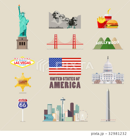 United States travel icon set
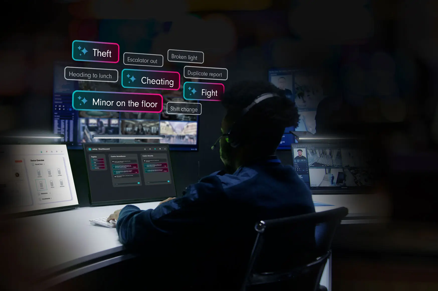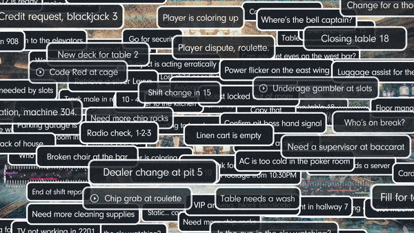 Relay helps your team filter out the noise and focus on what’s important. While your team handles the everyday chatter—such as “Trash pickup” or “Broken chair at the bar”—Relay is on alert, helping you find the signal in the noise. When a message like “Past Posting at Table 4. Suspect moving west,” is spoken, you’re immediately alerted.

* * *

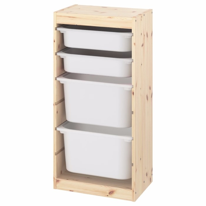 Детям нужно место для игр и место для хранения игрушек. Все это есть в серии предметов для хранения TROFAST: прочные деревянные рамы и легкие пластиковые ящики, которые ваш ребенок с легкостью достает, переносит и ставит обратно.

* * *

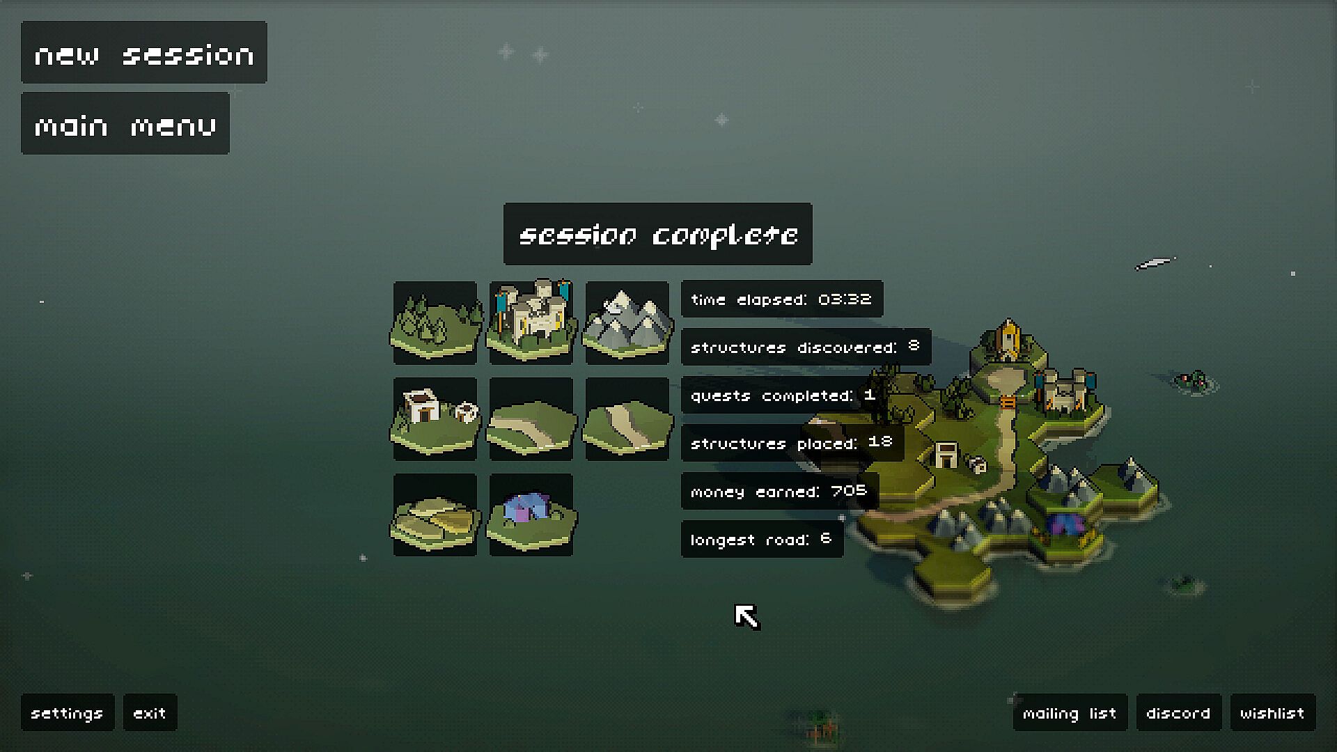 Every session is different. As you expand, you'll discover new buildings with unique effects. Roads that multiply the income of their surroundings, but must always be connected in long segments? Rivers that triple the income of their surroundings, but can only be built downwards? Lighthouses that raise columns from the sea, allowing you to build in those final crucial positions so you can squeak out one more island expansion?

# TASK STATEMENT
Line for line, output the entries above from the line with "United States travel icon set" to the line with "Relay helps your", both included, and nothing more. Skip pictures.

# ANSWER SPACE
 United States travel icon set
 Relay helps your team filter out the noise and focus on what’s important. While your team handles the everyday chatter—such as “Trash pickup” or “Broken chair at the bar”—Relay is on alert, helping you find the signal in the noise. When a message like “Past Posting at Table 4. Suspect moving west,” is spoken, you’re immediately alerted.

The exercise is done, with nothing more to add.